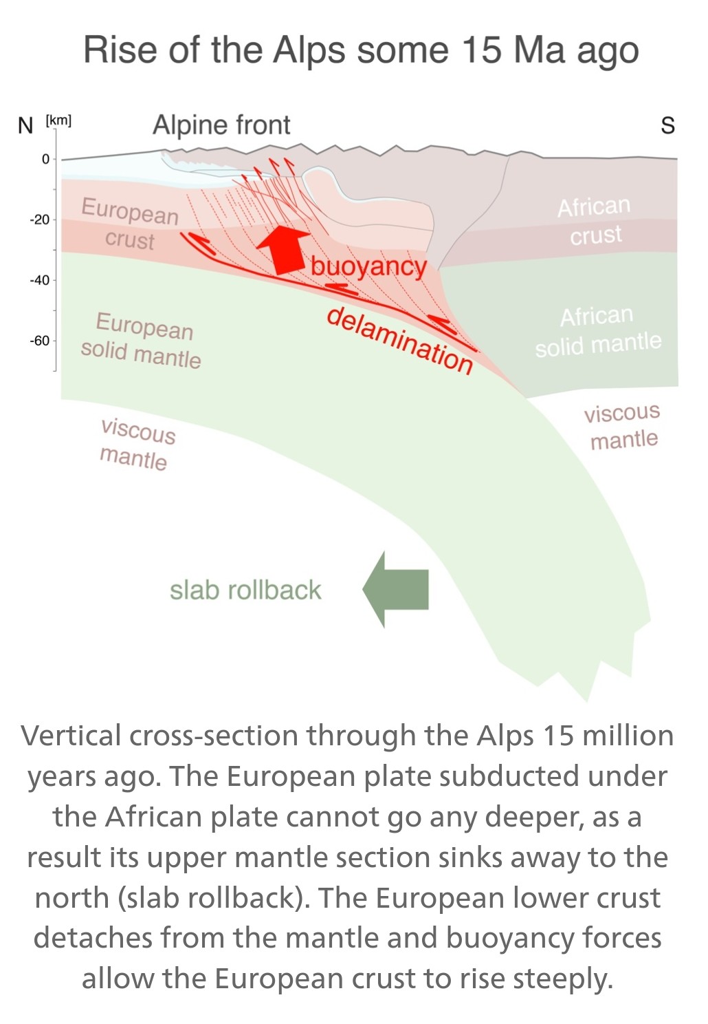 Hasil penelitian menunjukkan bahwa batuan Kristal Ringan di Lempeng Eropa bagian Atas tidak ikut tersubduksi (menunjam masuk) ke bawah Lempeng Afrika, tetapi terlepas dari Lempeng Eropa bagian Bawah. Akibatnya Lempeng Atas terdorong kembali ke permukaan bumi sehingga membentuk formasi vertikal yang menjulang tinggi. Lempeng Atas Eropa yang terlepas dari Lempeng Bawah nya ini berketebalan 25 km. Artinya, dari 100 km ketebalan Lempeng Eropa, 25 km teratas terlepas dan yang 75 km menunjam masuk ke bawah lempeng Afrika. Peristiwa ini mulai terjadi ± 15 juta tahun silam.
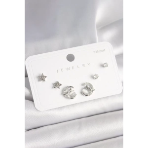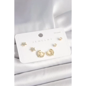 925 Ayar Gümüş Çivi Zirkon Taşlı Hilal Yıldız Model Kadın Küpe Seti
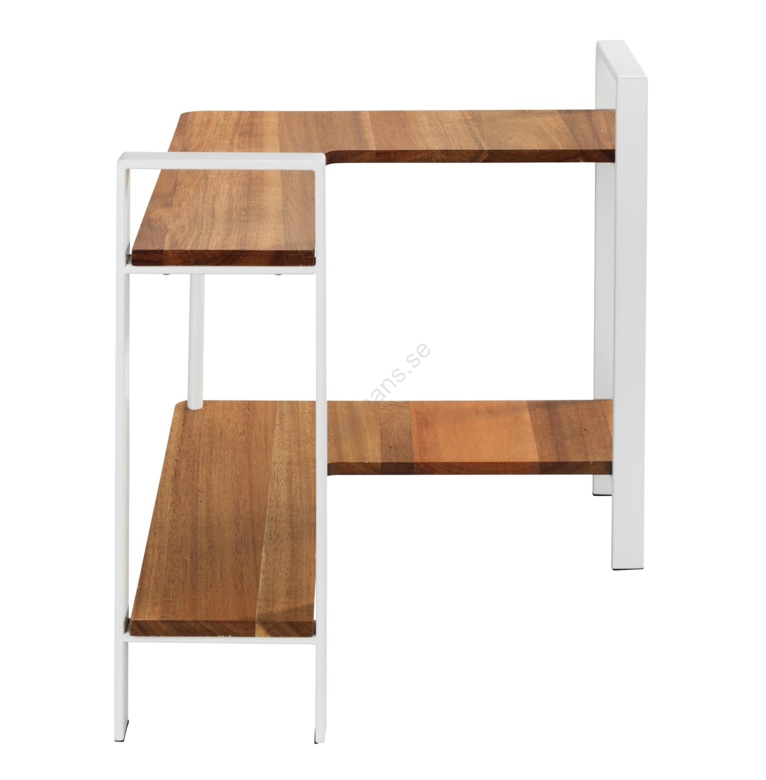 • Elegant kombination av vit metallram och hyllor i akaciaträ.
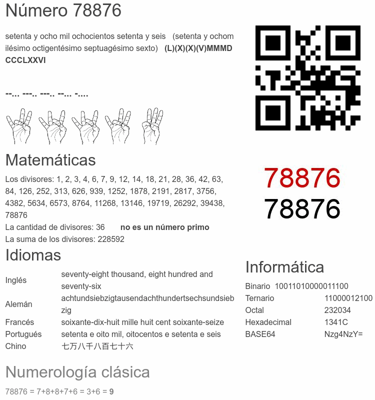 Si conoce algo interesante sobre el número 78876 o cualquier número natural (entero positivo), por favor escríbanos.Número 78 876 en otras unidades
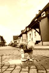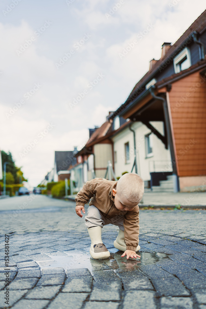 A 2-year-old boy in a light jacket and rubber boots runs through puddles after the rain. A boy in boots stands in a puddle. The child rejoices in the rain and runs along the wet street.
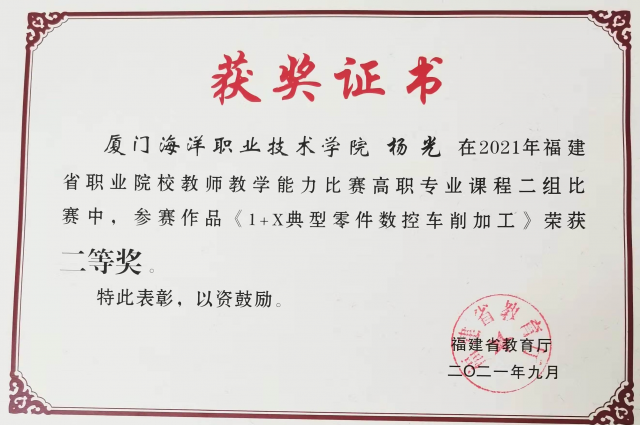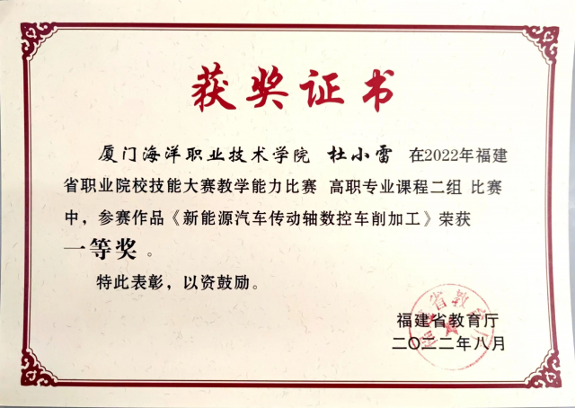 福建省职业院校教师教学能力比赛:一等奖1项,2等奖2项
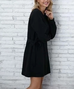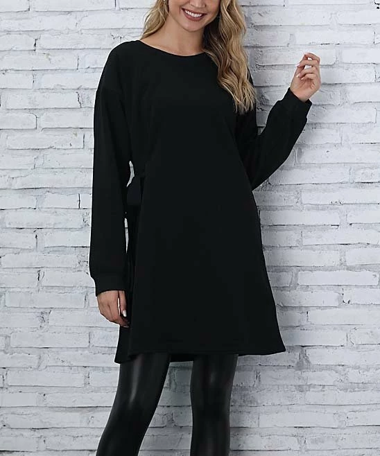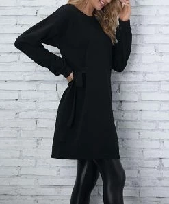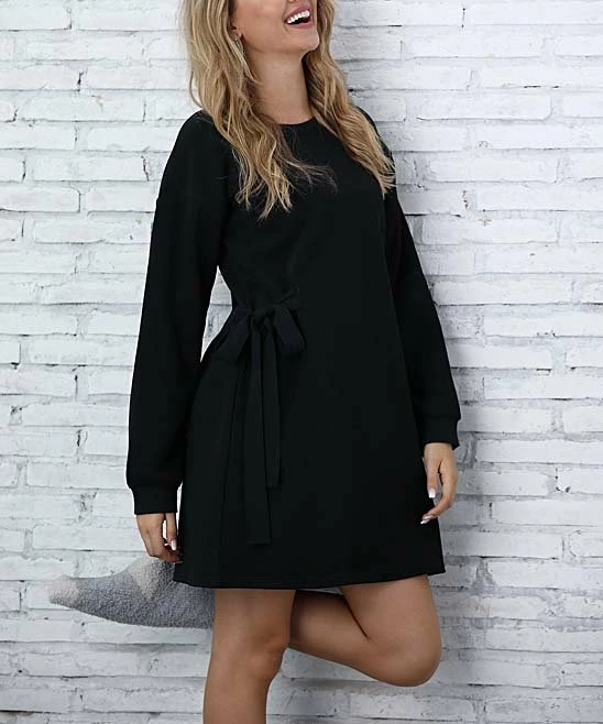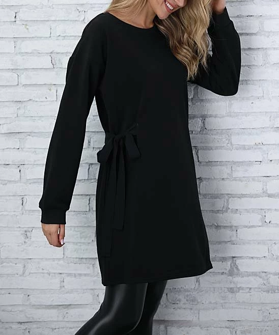 Cozy comfort goes to great new lengths in the form of this dress crafted out of sweater knit. Side ties let you cinch the waist for a flattering effect.
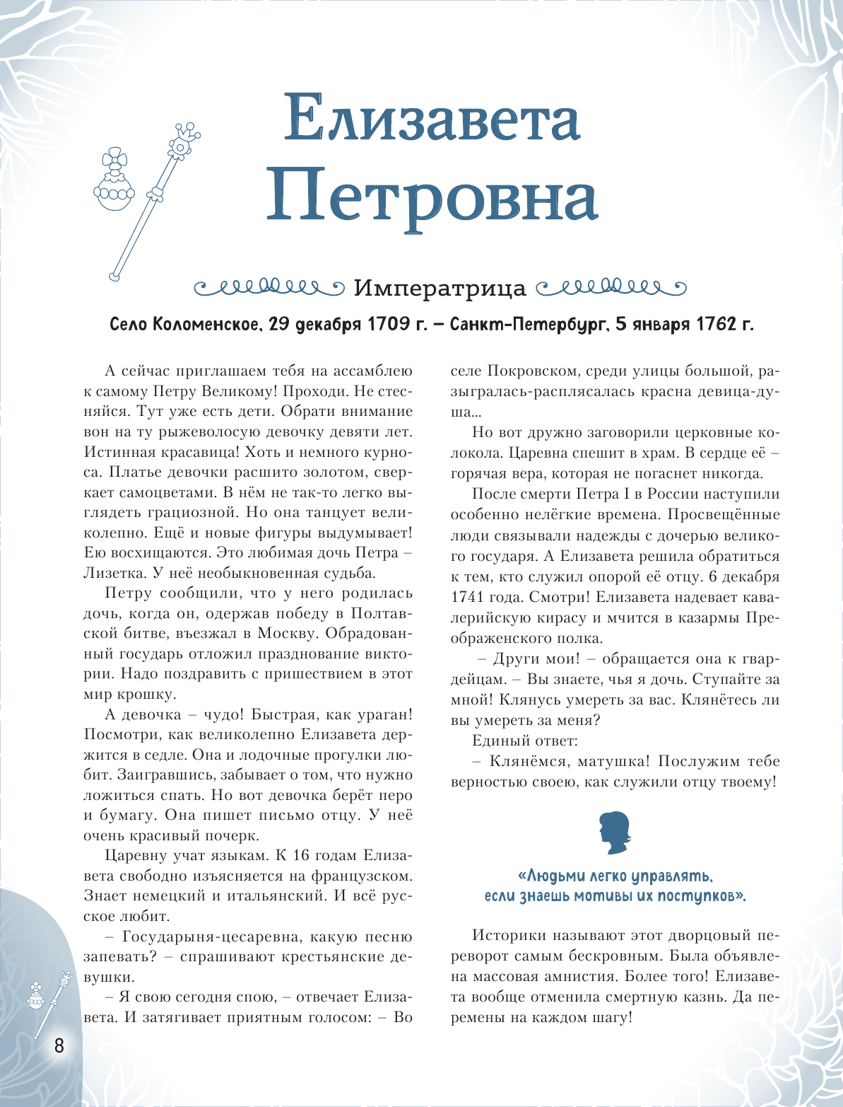 Тогда открывайте эту книгу! В каждом из 20 биографических рассказов, адаптированных для детей 7—10 лет, — невероятный образец силы воли и стойкости характера, мотивирующий девочек на собственные свершения. Их сопровождают красочные полосные иллюстрации и занимательные факты, чтобы знакомиться с выдающимися соотечественниками было наглядно и увлекательно. А ещё это неповторимый подарок для всех, кто гордится историей и культурой своего Отечества!
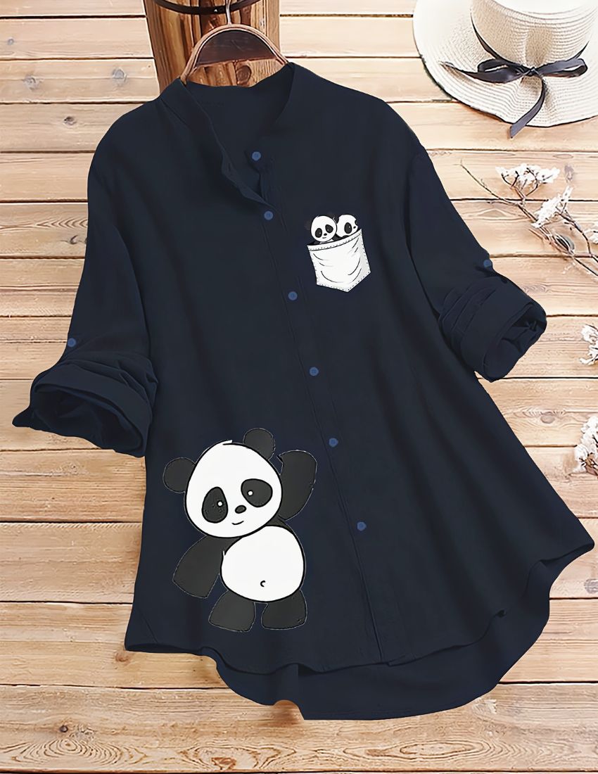 This stylish and comfortable button-up shirt. adding a playful and charming touch. With a relaxed fit, rolled-up sleeves, and a mandarin collar, this shirt is perfect for casual outings or lounging in style. making it a great choice for any season. Pair it with jeans or leggings for a cute and cozy look!
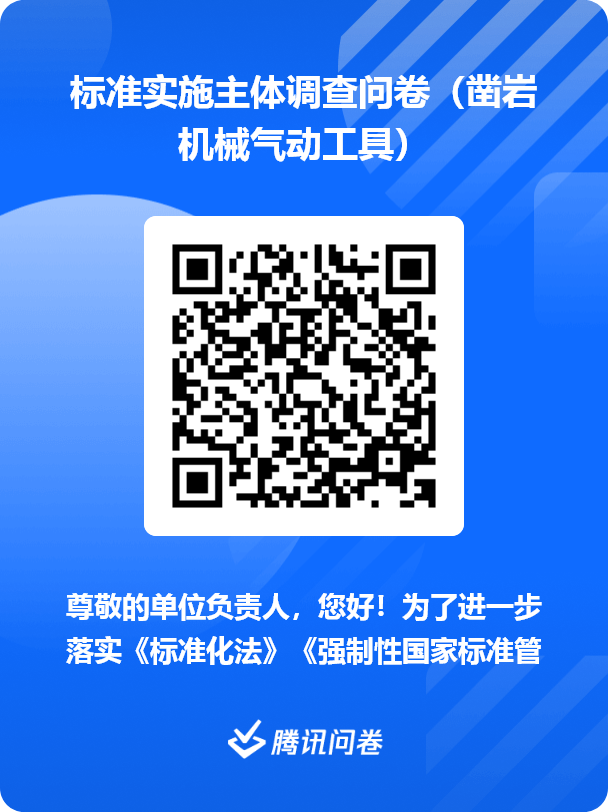各相關(guān)單位負(fù)責(zé)人,您好! 天水鑿巖機(jī)械氣動(dòng)工具研究所作為全國(guó)鑿巖機(jī)械與氣動(dòng)工具標(biāo)準(zhǔn)化技術(shù)委員會(huì)秘書(shū)處掛靠單位,現(xiàn)受工業(yè)和信息化部相關(guān)工作安排,組織開(kāi)展對(duì)強(qiáng)制性國(guó)家標(biāo)準(zhǔn)GB 17957-2021《鑿巖機(jī)械與氣動(dòng)工具 安全要求》的實(shí)施現(xiàn)狀調(diào)研。 本次調(diào)研旨在貫徹落實(shí)《標(biāo)準(zhǔn)化法》及《強(qiáng)制性國(guó)家標(biāo)準(zhǔn)管理辦法》要求,全面評(píng)估該標(biāo)準(zhǔn)在行業(yè)的實(shí)際應(yīng)用效果,以便未來(lái)進(jìn)一步提升標(biāo)準(zhǔn)質(zhì)量,更好地服務(wù)行業(yè)發(fā)展。 您的真實(shí)反饋是本次評(píng)估的核心依據(jù)。誠(chéng)邀貴單位填寫(xiě)問(wèn)卷,分享標(biāo)準(zhǔn)實(shí)施的實(shí)際情況。您可掃描以下二維碼填寫(xiě)問(wèn)卷或?qū)⒄{(diào)查問(wèn)卷直接反饋至秘書(shū)處,郵箱地址為TC173@163.com。 感謝您的大力支持!

Your objective:
A word-for-word transcription of the listing is needed, minus its images.

Solution to the exercise:
 Hasil penelitian menunjukkan bahwa batuan Kristal Ringan di Lempeng Eropa bagian Atas tidak ikut tersubduksi (menunjam masuk) ke bawah Lempeng Afrika, tetapi terlepas dari Lempeng Eropa bagian Bawah. Akibatnya Lempeng Atas terdorong kembali ke permukaan bumi sehingga membentuk formasi vertikal yang menjulang tinggi. Lempeng Atas Eropa yang terlepas dari Lempeng Bawah nya ini berketebalan 25 km. Artinya, dari 100 km ketebalan Lempeng Eropa, 25 km teratas terlepas dan yang 75 km menunjam masuk ke bawah lempeng Afrika. Peristiwa ini mulai terjadi ± 15 juta tahun silam.
 925 Ayar Gümüş Çivi Zirkon Taşlı Hilal Yıldız Model Kadın Küpe Seti
 • Elegant kombination av vit metallram och hyllor i akaciaträ.
 Si conoce algo interesante sobre el número 78876 o cualquier número natural (entero positivo), por favor escríbanos.Número 78 876 en otras unidades
 A 2-year-old boy in a light jacket and rubber boots runs through puddles after the rain. A boy in boots stands in a puddle. The child rejoices in the rain and runs along the wet street.
 福建省职业院校教师教学能力比赛:一等奖1项,2等奖2项
 Cozy comfort goes to great new lengths in the form of this dress crafted out of sweater knit. Side ties let you cinch the waist for a flattering effect.
 Тогда открывайте эту книгу! В каждом из 20 биографических рассказов, адаптированных для детей 7—10 лет, — невероятный образец силы воли и стойкости характера, мотивирующий девочек на собственные свершения. Их сопровождают красочные полосные иллюстрации и занимательные факты, чтобы знакомиться с выдающимися соотечественниками было наглядно и увлекательно. А ещё это неповторимый подарок для всех, кто гордится историей и культурой своего Отечества!
 This stylish and comfortable button-up shirt. adding a playful and charming touch. With a relaxed fit, rolled-up sleeves, and a mandarin collar, this shirt is perfect for casual outings or lounging in style. making it a great choice for any season. Pair it with jeans or leggings for a cute and cozy look!
各相關(guān)單位負(fù)責(zé)人,您好! 天水鑿巖機(jī)械氣動(dòng)工具研究所作為全國(guó)鑿巖機(jī)械與氣動(dòng)工具標(biāo)準(zhǔn)化技術(shù)委員會(huì)秘書(shū)處掛靠單位,現(xiàn)受工業(yè)和信息化部相關(guān)工作安排,組織開(kāi)展對(duì)強(qiáng)制性國(guó)家標(biāo)準(zhǔn)GB 17957-2021《鑿巖機(jī)械與氣動(dòng)工具 安全要求》的實(shí)施現(xiàn)狀調(diào)研。 本次調(diào)研旨在貫徹落實(shí)《標(biāo)準(zhǔn)化法》及《強(qiáng)制性國(guó)家標(biāo)準(zhǔn)管理辦法》要求,全面評(píng)估該標(biāo)準(zhǔn)在行業(yè)的實(shí)際應(yīng)用效果,以便未來(lái)進(jìn)一步提升標(biāo)準(zhǔn)質(zhì)量,更好地服務(wù)行業(yè)發(fā)展。 您的真實(shí)反饋是本次評(píng)估的核心依據(jù)。誠(chéng)邀貴單位填寫(xiě)問(wèn)卷,分享標(biāo)準(zhǔn)實(shí)施的實(shí)際情況。您可掃描以下二維碼填寫(xiě)問(wèn)卷或?qū)⒄{(diào)查問(wèn)卷直接反饋至秘書(shū)處,郵箱地址為TC173@163.com。 感謝您的大力支持!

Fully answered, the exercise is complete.